According to the report, a 4 October 2007 ruling against Siemen AG, the Munich State Court named Mr. Mohammed as one of the recipients of 77 hefty bribes paid by Siemen officials in three countries, Nigeria, Russia and Libya.

The indictment, published in November 2007 by the United States-based Wall Street Journal, listed Mr. Mohammed, who at the time was the Minister for Communications as having received millions of Euros in bribes, alongside other Nigerian cabinet members, to allow the German Conglomerate a piece of the Nigerian telecoms market.

The court said Siemen AG paid more than 10 million euros to Mr. Mohammed, former telecommunications ministers, Tajudeen Olarewaju, Cornelius Adebayo and Haruna Elewi, as well as an unnamed Senator, an unnamed immigration officer, and the PDP.

President Olusegun Obasanjo appointed Mr. Mohammed as the Nigerian minister of Communications in June 2001.

His appointment coincided with the time the FG was planning to privatise the Nigerian Telecommunications Limited, NITEL.

According to the court papers, Mr. Mohammed received 550,000 euros in kickback in July 2002 and another 150,000 euros in August 2003.

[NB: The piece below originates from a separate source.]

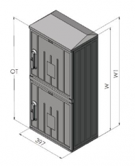 Prázdna polyesterová skriňa bez zámku. Hĺbka skribe 250mm. V súvisiacich produktoch je štandardne navolený trojbodový zámok HS02 s tiahlami ktorý je potrebné uviesť v objednávke , okrem toho si môžete zvoliť vložku štvorcovú dieru a kľúč. Ďalšiu výbavu skrine, prípadne iný typ vložiek si môžete vybrať v príslušenstve. Vnútri skrine na jej zadnej stene a bokoch sú izolátory slúžiace na upevnenie zariadenia skrine.
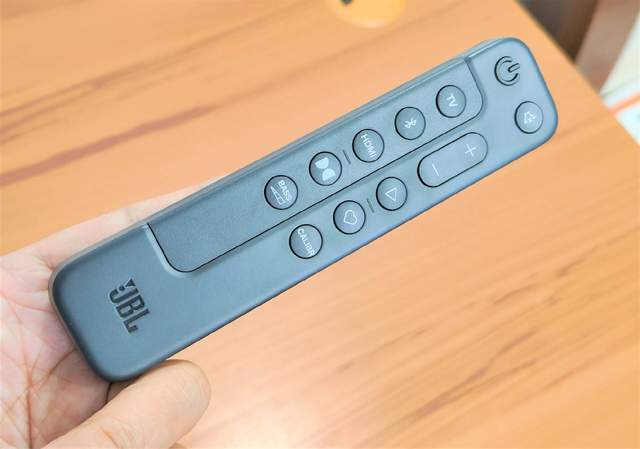 条形音箱的机身设计纤细不占据空间,直接摆放在电视柜再适合不过了,顶部配备加减按键和返回键,满足我们盲按的需求。

It also said several ministers under the Obasanjo government received unspecified sums of money on behalf of the ruling PDP.

“According to the Munich court ruling, Edward Seidel, who headed Siemens’ operations in Nigeria earlier this decade, helped deliver many of the bribes to the final recipients,” the US Wall Street Journal reported at the time.

“In August (2003), according to the (Munich) court, Mr Siekaczek and Mr Siedel funnelled a 150,000 euros bribe to Mr. (Bello) Mohammed, following a 550,000 euros payment the year before when he was still the Nigerian telecommunications minister,” the paper reported.

According to the paper, “the Munich court estimated that the roughly 12million euros bribes in Nigeria, Russia and Libya produced at least 200 million euros in ‘unlawful economic advantages’ for Siemens.”

The Munich court also said the bribe payments was coordinated by a top Siemens Manager, Reinhard Siekaczek.

Siemens, at the time, accepted responsibility for the misconduct of Mr. Siekaczek and agreed to pay 210 million euros in fines to the German government.

Following the indictment of Mr. Siekaczek, German prosecutors said they would not pursue action against non-German citizens who were identified as recipients of the bribes, leaving them to be punished by their own governments.

But seven years later, Mr. Mohammed, and other recipients of the bribes, have escaped justice with two investigations by the EFCC and ICPC yielding no indictments.

It is however not clear if President Jonathan is aware of corruption allegation against Mr. Mohammed.